What is needed. Find where "Herminia Din, UAA" occurs in the data below, and retype that line and every later line exactly.

Material to process.
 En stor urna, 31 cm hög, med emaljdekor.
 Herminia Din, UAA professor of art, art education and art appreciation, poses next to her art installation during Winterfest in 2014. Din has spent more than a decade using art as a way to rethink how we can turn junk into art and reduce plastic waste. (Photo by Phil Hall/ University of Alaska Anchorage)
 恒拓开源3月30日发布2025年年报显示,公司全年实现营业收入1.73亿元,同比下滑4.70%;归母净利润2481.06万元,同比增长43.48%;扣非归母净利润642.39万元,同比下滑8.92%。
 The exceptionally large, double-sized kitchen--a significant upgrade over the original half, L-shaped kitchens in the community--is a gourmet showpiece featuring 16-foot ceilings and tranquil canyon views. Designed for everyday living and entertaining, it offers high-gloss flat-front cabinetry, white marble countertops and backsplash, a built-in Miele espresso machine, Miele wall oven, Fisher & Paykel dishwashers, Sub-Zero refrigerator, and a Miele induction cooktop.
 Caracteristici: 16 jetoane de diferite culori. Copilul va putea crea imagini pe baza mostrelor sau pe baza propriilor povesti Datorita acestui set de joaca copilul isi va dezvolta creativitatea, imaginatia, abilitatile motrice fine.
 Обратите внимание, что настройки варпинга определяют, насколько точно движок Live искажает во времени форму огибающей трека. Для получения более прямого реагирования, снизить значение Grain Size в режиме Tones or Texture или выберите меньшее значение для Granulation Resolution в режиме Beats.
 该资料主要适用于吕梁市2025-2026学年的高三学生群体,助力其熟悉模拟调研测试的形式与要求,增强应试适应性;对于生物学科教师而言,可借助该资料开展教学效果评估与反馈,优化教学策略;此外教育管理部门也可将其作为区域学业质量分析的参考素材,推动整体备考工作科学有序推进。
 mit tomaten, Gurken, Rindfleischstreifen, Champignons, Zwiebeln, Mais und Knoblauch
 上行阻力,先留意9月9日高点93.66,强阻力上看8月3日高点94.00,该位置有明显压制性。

Output of the exercise.
 Herminia Din, UAA professor of art, art education and art appreciation, poses next to her art installation during Winterfest in 2014. Din has spent more than a decade using art as a way to rethink how we can turn junk into art and reduce plastic waste. (Photo by Phil Hall/ University of Alaska Anchorage)
 恒拓开源3月30日发布2025年年报显示,公司全年实现营业收入1.73亿元,同比下滑4.70%;归母净利润2481.06万元,同比增长43.48%;扣非归母净利润642.39万元,同比下滑8.92%。
 The exceptionally large, double-sized kitchen--a significant upgrade over the original half, L-shaped kitchens in the community--is a gourmet showpiece featuring 16-foot ceilings and tranquil canyon views. Designed for everyday living and entertaining, it offers high-gloss flat-front cabinetry, white marble countertops and backsplash, a built-in Miele espresso machine, Miele wall oven, Fisher & Paykel dishwashers, Sub-Zero refrigerator, and a Miele induction cooktop.
 Caracteristici: 16 jetoane de diferite culori. Copilul va putea crea imagini pe baza mostrelor sau pe baza propriilor povesti Datorita acestui set de joaca copilul isi va dezvolta creativitatea, imaginatia, abilitatile motrice fine.
 Обратите внимание, что настройки варпинга определяют, насколько точно движок Live искажает во времени форму огибающей трека. Для получения более прямого реагирования, снизить значение Grain Size в режиме Tones or Texture или выберите меньшее значение для Granulation Resolution в режиме Beats.
 该资料主要适用于吕梁市2025-2026学年的高三学生群体,助力其熟悉模拟调研测试的形式与要求,增强应试适应性;对于生物学科教师而言,可借助该资料开展教学效果评估与反馈,优化教学策略;此外教育管理部门也可将其作为区域学业质量分析的参考素材,推动整体备考工作科学有序推进。
 mit tomaten, Gurken, Rindfleischstreifen, Champignons, Zwiebeln, Mais und Knoblauch
 上行阻力,先留意9月9日高点93.66,强阻力上看8月3日高点94.00,该位置有明显压制性。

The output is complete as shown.